Collected data entries
◇ ◇ ◇

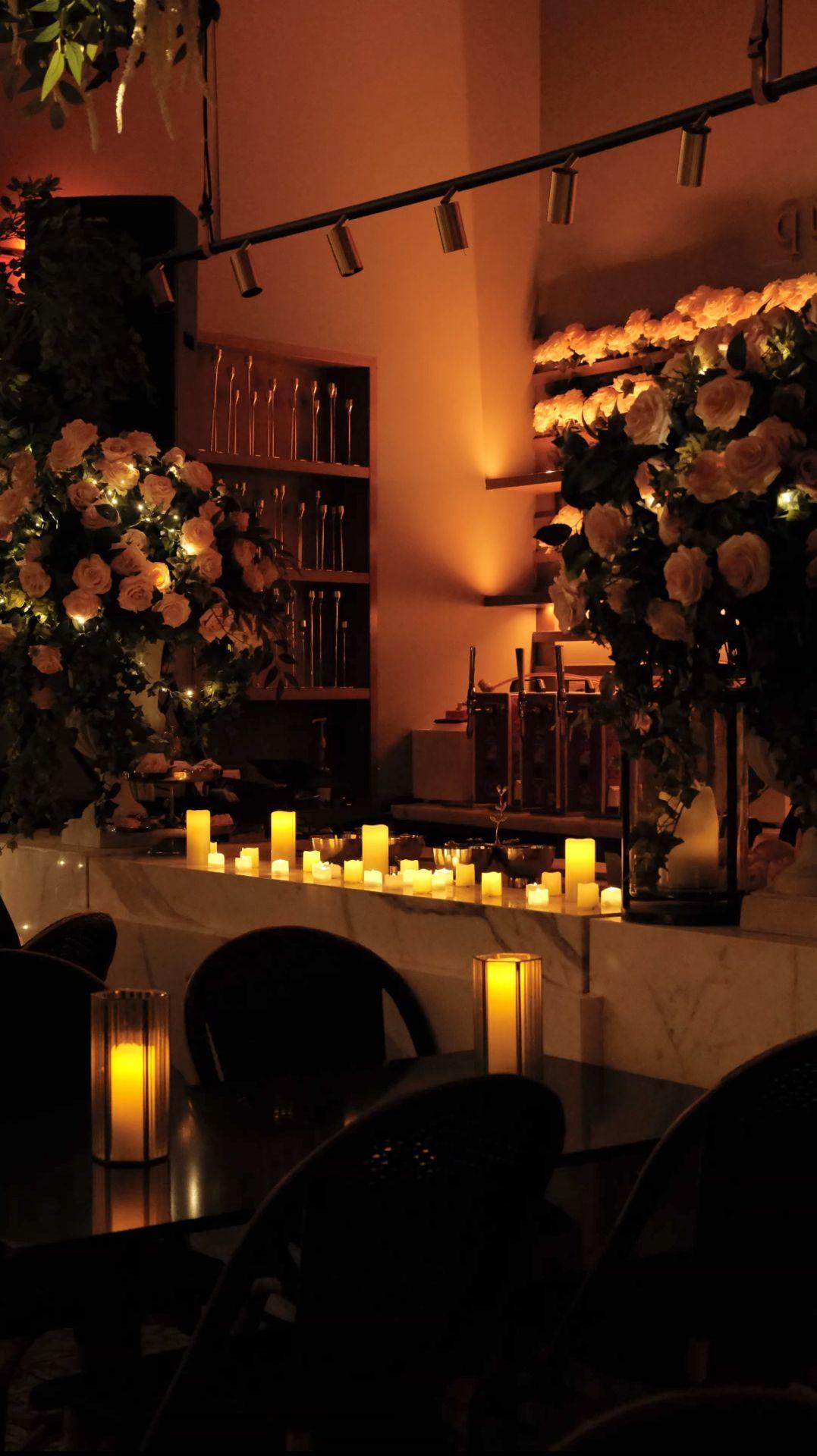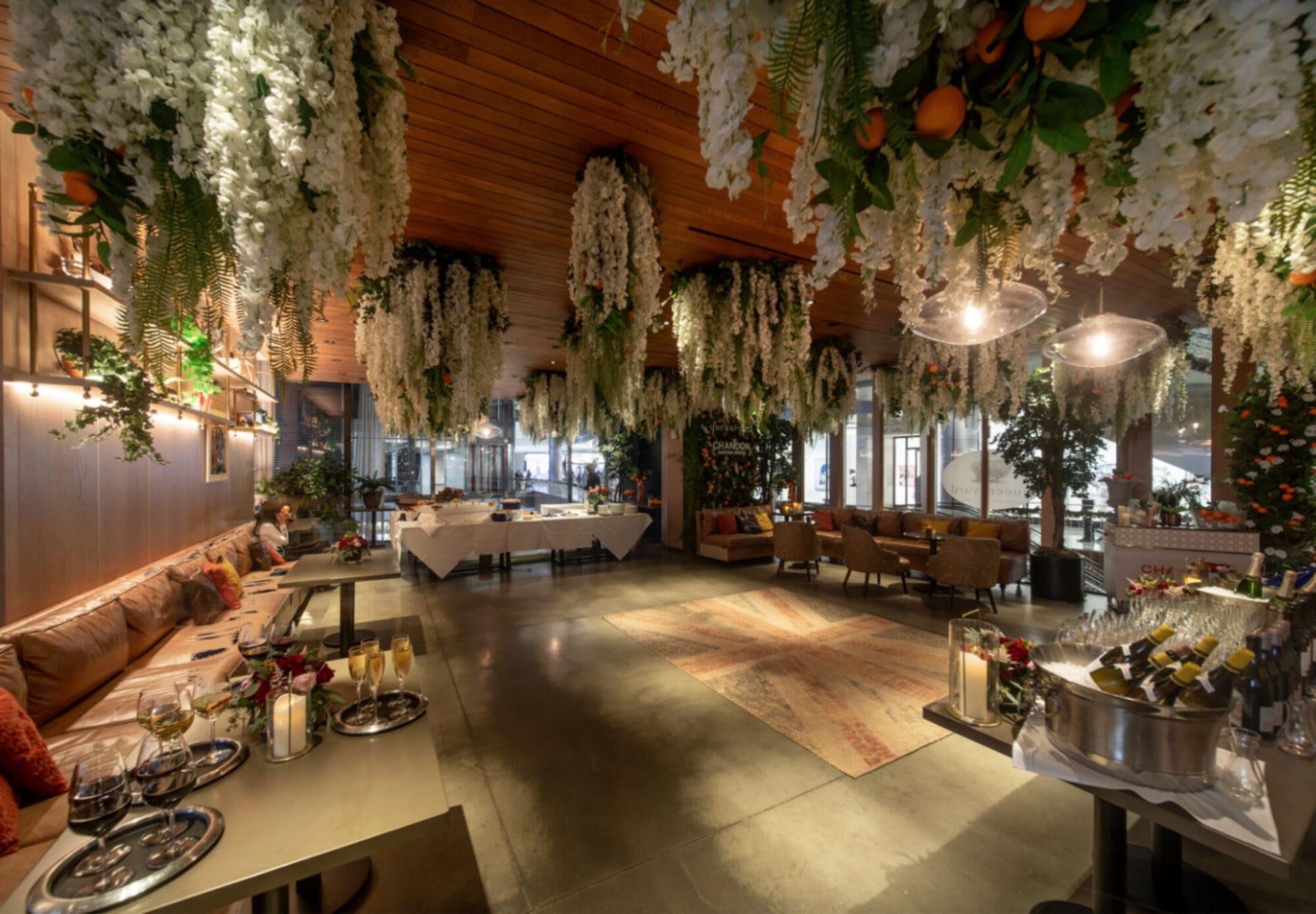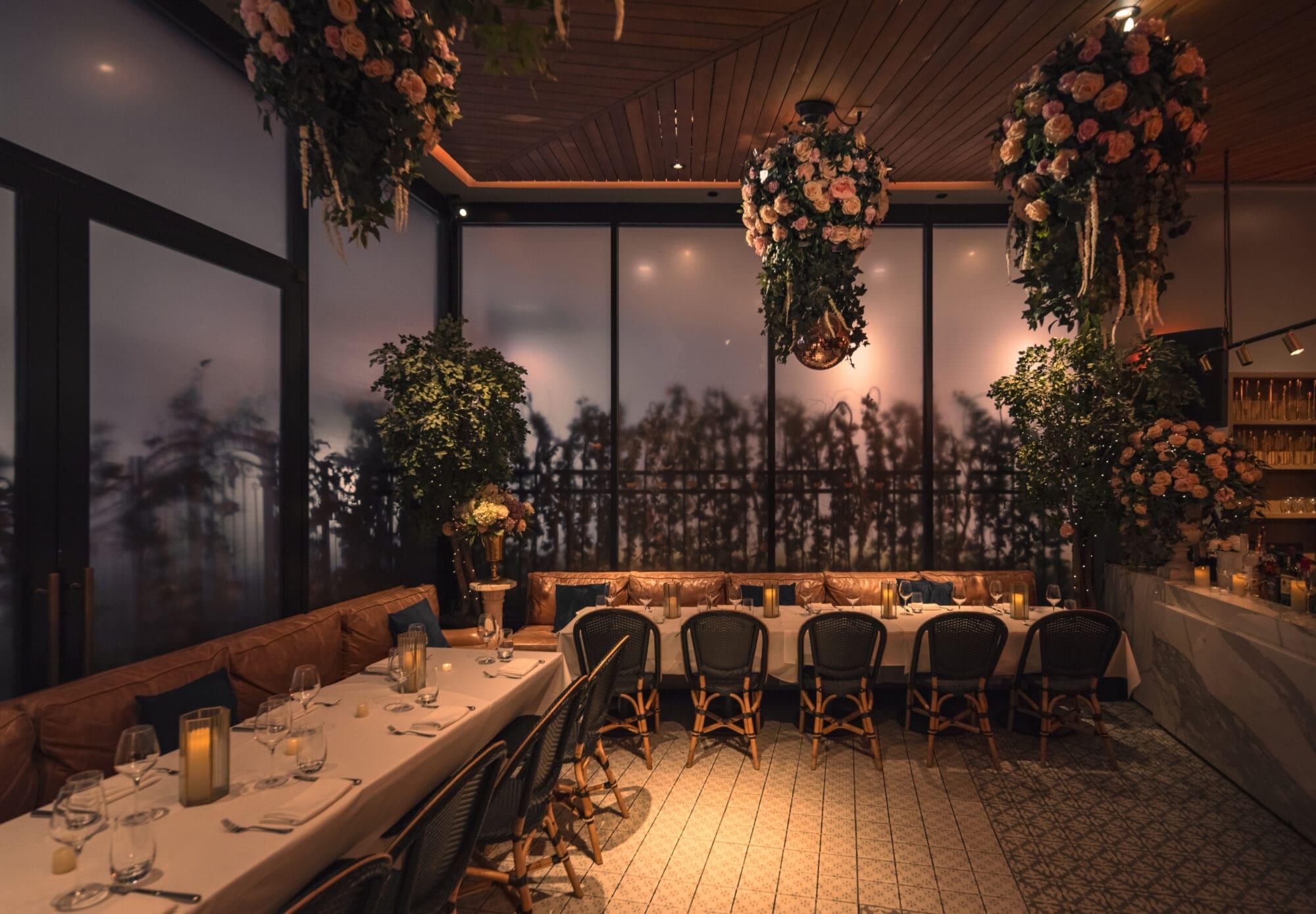 This bright and airy space features hanging floral arrangements that bring the outdoors inside. It serves as a versatile setting for mid-sized wedding showers, rehearsal dinners, or ceremonies. The layout emphasizes open views and a botanical aesthetic that pairs perfectly with the restaurant’s modern British fare.
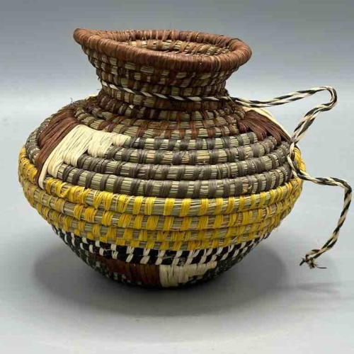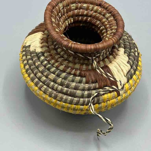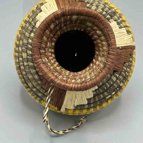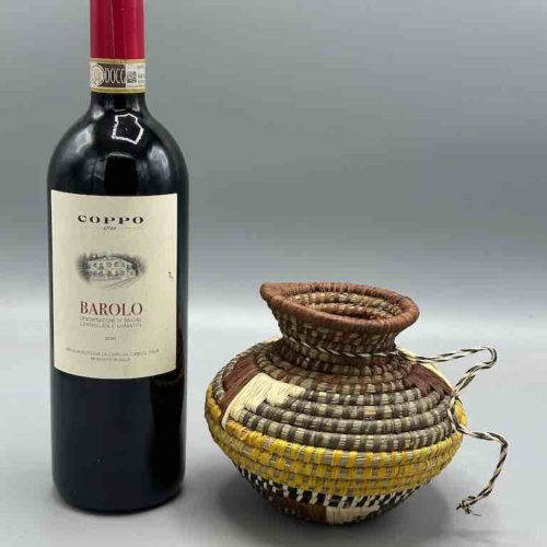 This Batwa baskets incorporates techniques not found in any other African basket. To the coiled grass construction a supplementary raffia woven design is added. The Batwa – the Twa people, a “pygmy” people – live in the border area of southwestern Uganda, northwestern Rwanda and eastern Congo, in the area of the Ruwenzori Mountains, in the Bwindi Impenetrable Forest. They live among a native gorilla population just like we live among whitetail deer. 5 3/4 x 5 5/8” diameter (15 x 14 cm)
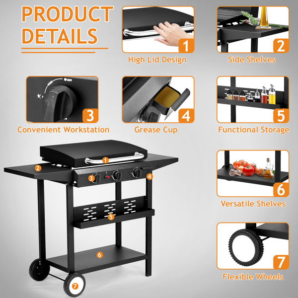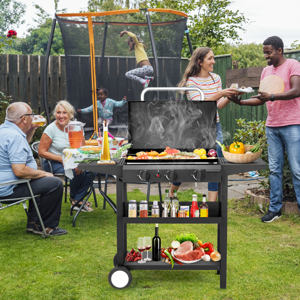 Elevate your outdoor cooking with this 3-Burner Flat Top Gas Griddle Cooking Station. Whether you’re flipping burgers, searing steaks, or sautéing vegetables, this cooking station is equipped to deliver restaurant-style results in the comfort of your backyard. The ceramic-coated cast iron pan ensures a non-stick experience, promoting healthier meals with minimal oil. With its durable construction and precision heat control, this cooking station is set to be the centerpiece of your next outdoor barbecue or family cookout. • 2. Non-Stick Ceramic Coated Pan: Our griddle features a ceramic-coated cast iron pan, enabling you to cook with less oil while ensuring a breeze of a cleanup—simply wipe away the mess! • 3. Convenient Storage: Keep spices, utensils, and ingredients within arm’s reach with a spice rack at front and spacious shelves at both sides, making meal prep seamless and organized.
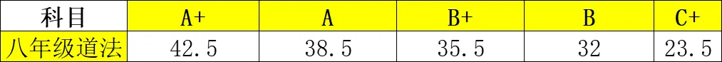A+线:语文105.25、数学96、英语94.7、物理67.5、化学48.5、历史61.5、道法44
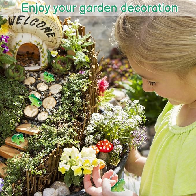 - WIDE APPLICATION - Miniature tiny frogs can enhance the attractive and interesting atmosphere of your room, dollhouse DIY, miniature garden landscape, fish tank, aquarium, plant, and cake, Suitable for decorating gardens, pools, patios fish tanks, gardens, rooms, cabinets, plant, etc

◇ ◇ ◇

Each entry needs to be retyped exactly; the pictures stay out.

> REPLY TO THE EXERCISE:
 This bright and airy space features hanging floral arrangements that bring the outdoors inside. It serves as a versatile setting for mid-sized wedding showers, rehearsal dinners, or ceremonies. The layout emphasizes open views and a botanical aesthetic that pairs perfectly with the restaurant’s modern British fare.
 This Batwa baskets incorporates techniques not found in any other African basket. To the coiled grass construction a supplementary raffia woven design is added. The Batwa – the Twa people, a “pygmy” people – live in the border area of southwestern Uganda, northwestern Rwanda and eastern Congo, in the area of the Ruwenzori Mountains, in the Bwindi Impenetrable Forest. They live among a native gorilla population just like we live among whitetail deer. 5 3/4 x 5 5/8” diameter (15 x 14 cm)
 Elevate your outdoor cooking with this 3-Burner Flat Top Gas Griddle Cooking Station. Whether you’re flipping burgers, searing steaks, or sautéing vegetables, this cooking station is equipped to deliver restaurant-style results in the comfort of your backyard. The ceramic-coated cast iron pan ensures a non-stick experience, promoting healthier meals with minimal oil. With its durable construction and precision heat control, this cooking station is set to be the centerpiece of your next outdoor barbecue or family cookout. • 2. Non-Stick Ceramic Coated Pan: Our griddle features a ceramic-coated cast iron pan, enabling you to cook with less oil while ensuring a breeze of a cleanup—simply wipe away the mess! • 3. Convenient Storage: Keep spices, utensils, and ingredients within arm’s reach with a spice rack at front and spacious shelves at both sides, making meal prep seamless and organized.
A+线:语文105.25、数学96、英语94.7、物理67.5、化学48.5、历史61.5、道法44
 - WIDE APPLICATION - Miniature tiny frogs can enhance the attractive and interesting atmosphere of your room, dollhouse DIY, miniature garden landscape, fish tank, aquarium, plant, and cake, Suitable for decorating gardens, pools, patios fish tanks, gardens, rooms, cabinets, plant, etc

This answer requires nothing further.